14 forum posts
I am writing to introduce myself and give everyone here a big THANK YOU for educating this raised in the city, country girl at heart, out of shape bird nerd. I've been suffering from some insomnia and wanderlust lately, and I happened upon TrailSpace while daydreaming about next spring and making a mental list of places to go. I have come to realize how dreadfully unprepared I am for even the wimpy little dayhikes I have been going on, as I have the habit of leaving everything (including water and first aid) in the car for several mile hikes in places with no phone reception and few to no other hikers.

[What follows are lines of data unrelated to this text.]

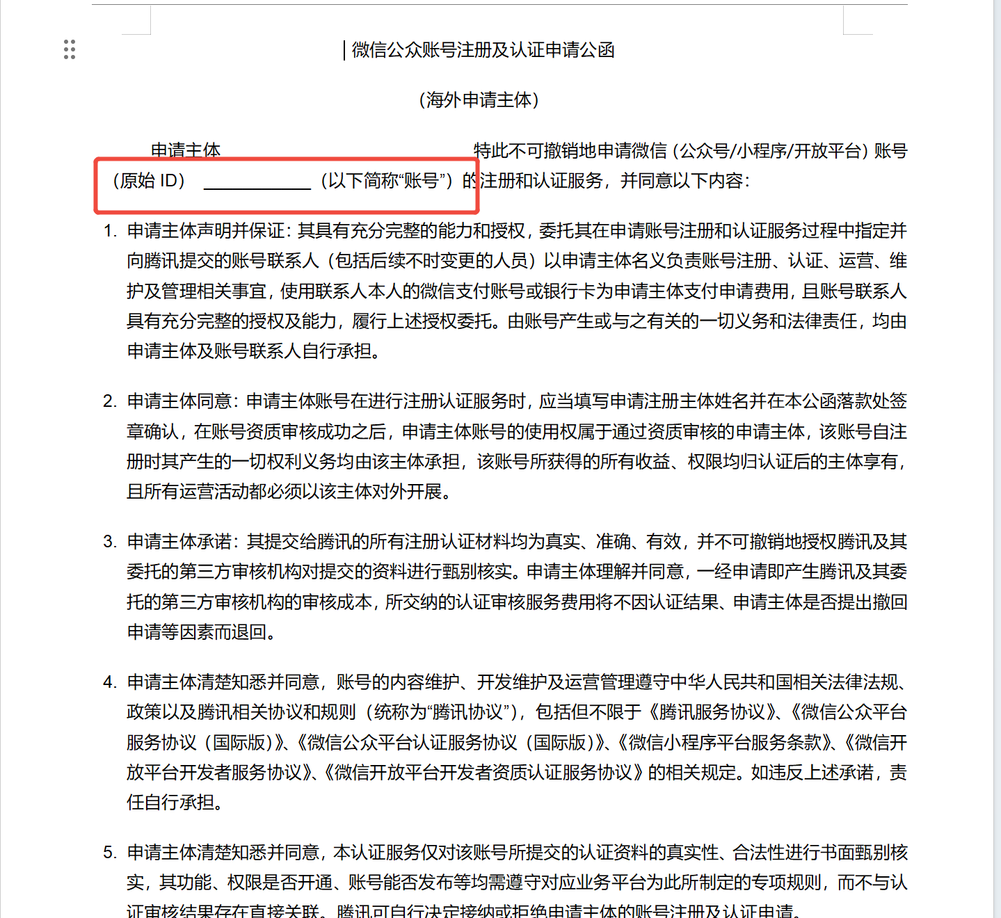 新注册公众号企业服务号,用香港公司做主体,在认证过程中需提交微信公众账号注册及认证申请公函,公函里需填写原始ID,只是注册还没认证就有原始ID了吗?在哪里可以找到原始ID,还没认证的情况下。
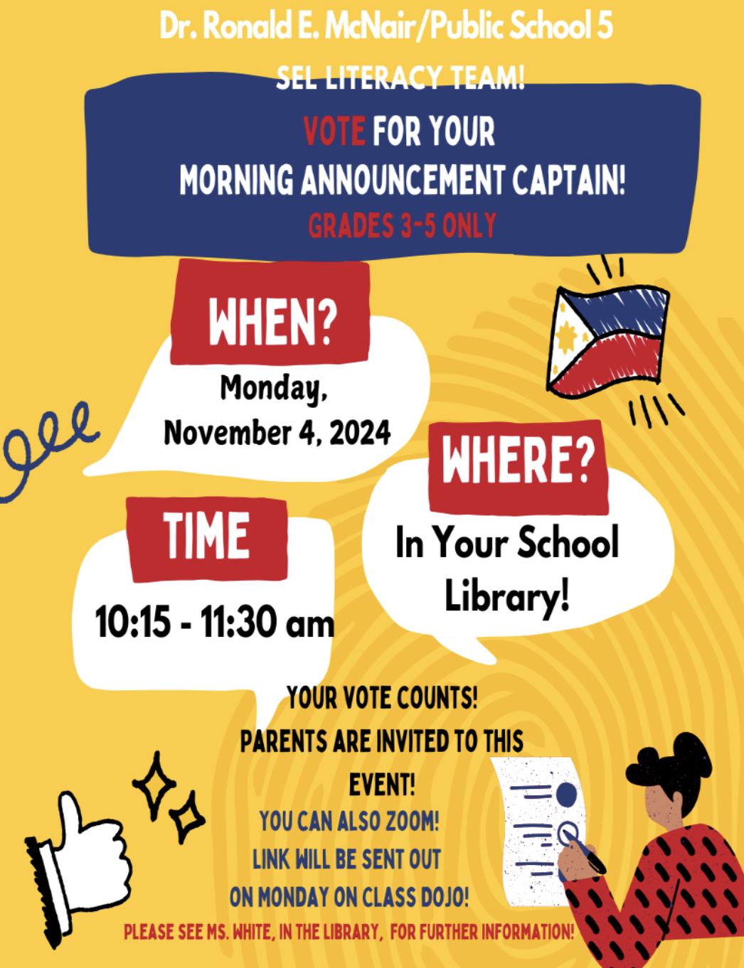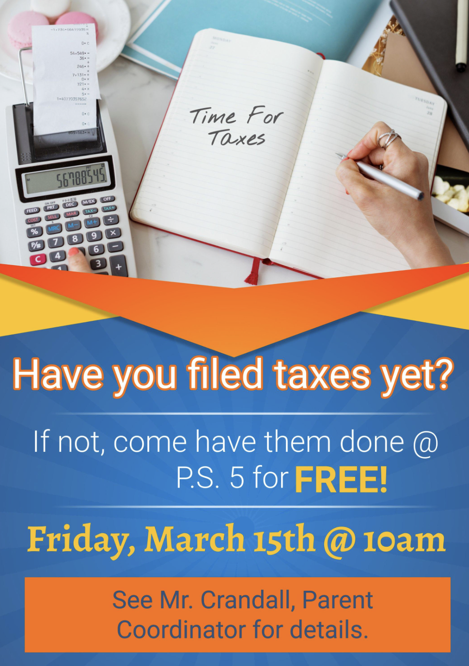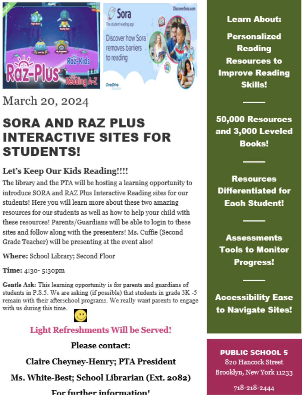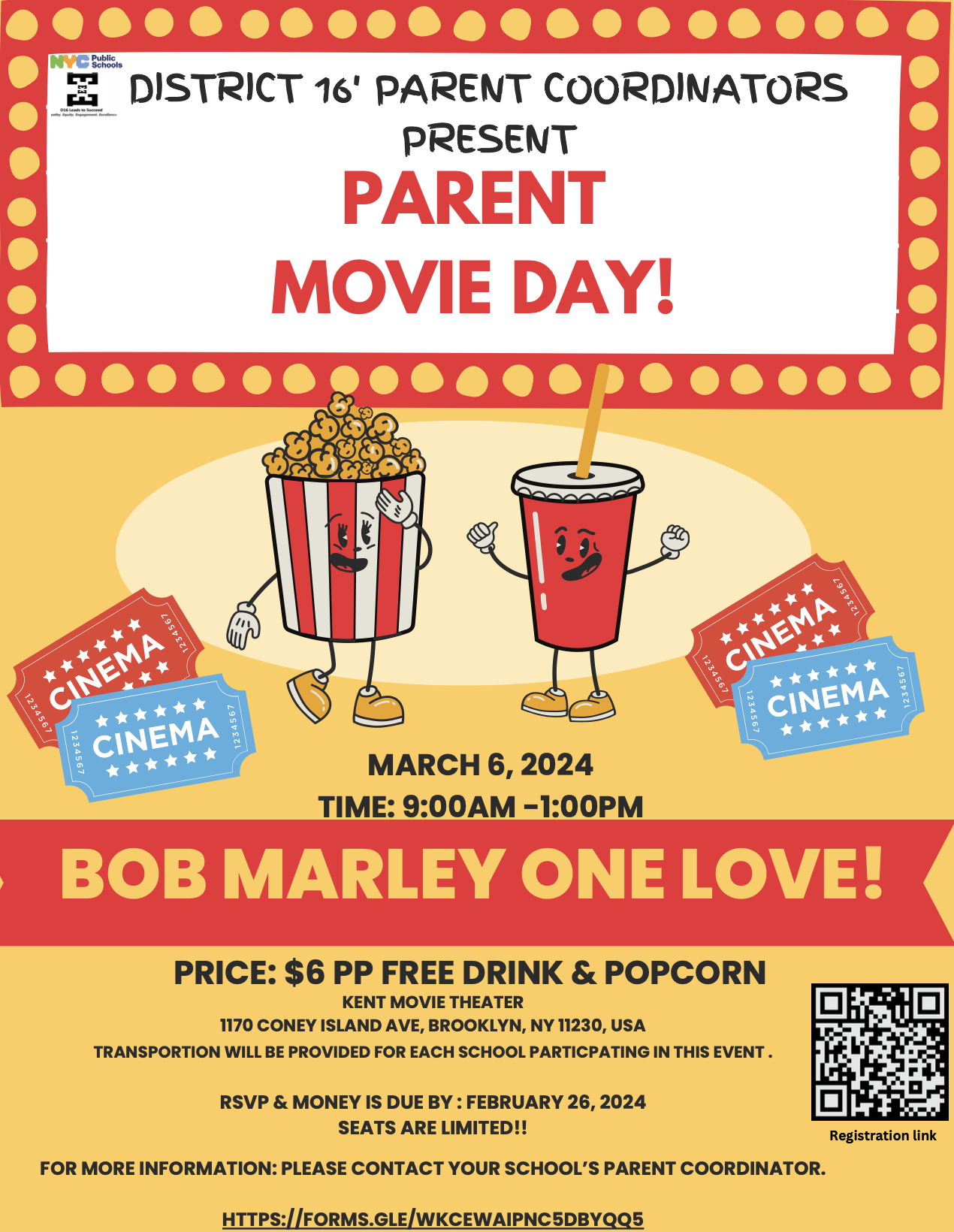 Every Tuesday, Wednesday, and Thursday at 9am, starting December 16 and when school is in session. No need to RSVP, please bring an ID and ask for our parent coordinator
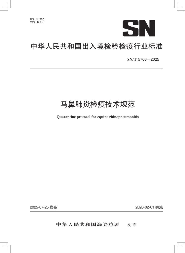 SN/T 5768-2025 马鼻肺炎检疫技术规范
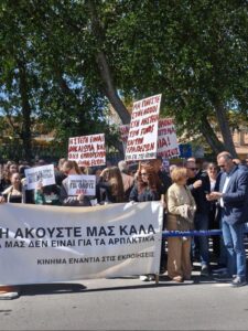 Με πανό και πλακάτ μαζεύτηκαν έξω από τη Βουλή διάφορες οργανώσεις, ώστε να διαμαρτυρηθούν για τις προτεινόμενες αλλαγές, στο θέμα των
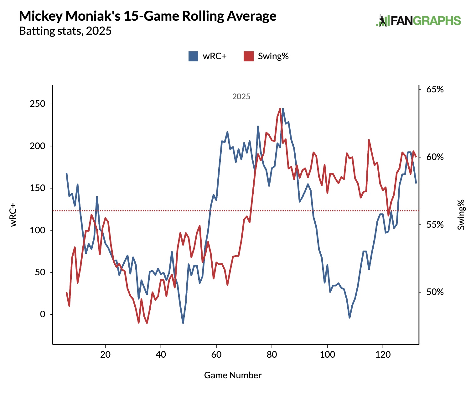 Moniak’s recent success correlates with an increase in Swing% closer to his career average of 57.2%.
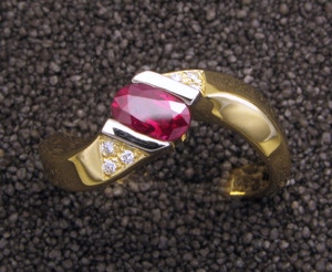Damenring in Rot- und Weissgold 750, violetter Saphir 1,91 ct,
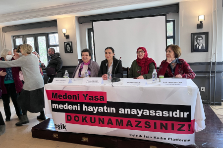 Eşitlik İçin Kadın Platformu (EŞİK), yargı paketiyle getirilmesi beklenen nafaka ve soyadı gibi Medeni Yasa değişikliklerine ilişkin basın toplantısı gerçekleştirdi.
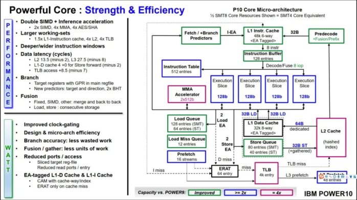 Power10是IBM的下一代架构,预计年底正式发布,采用7nm工艺。每块芯片可以集成16个核心,每个核心提供支持8线程。相对于前代产品,仍然是通过资源扩展来获得性能提升,有些模块的资源甚至被扩大了4倍(TLB、L2cache等)。IBM用了将近一半的篇幅介绍其PowerAXON接口和Open Memory Interface接口,这个接口的最大特点是高带宽和兼容性。两个接口都可以达到1TB/s的带宽。PowerAXON接口可以和其他芯片组成16块芯片的集群,可以连接到ASIC加速芯片集群,还可以连接到刀片服务器集群;OMI接口可以连接到SCM、DRAM以及GDDR DIMM。互联总线的兼容性为Power10构成的系统提供了强悍的可扩展性。

I have a growing list of things to prepare for next time, including a whistle, a refined first aid kit (you can accumulate a lot more when it stays in the car all the time), and yes, perhaps most importantly, a friend who knows where I'm going and when to expect me back.
A little bit about my background: I was raised in the mid-Atlantic suburbs with occasional car-camping trips as a child and teen. My dad is a nature geek but my mom likes her creature comforts, so we never spent too much time traveling out to the mountains, just a weekend every year or two. In my late teens, I became a birder with the encouragement of my dad and bought my first pair of serious binoculars; although I'm still what I would call mediocre to middling as a birder, my pursuit of new species and habitats, combined with the freedom of a car, led me to spend more time looking for undeveloped pieces of land to observe nature's amazing diversity. Some of my best bonding time with my dad has been in the VA/MD/WV mountains as we slowly stumbled down trails, our necks cramped from looking up in the treetops for elusive warblers.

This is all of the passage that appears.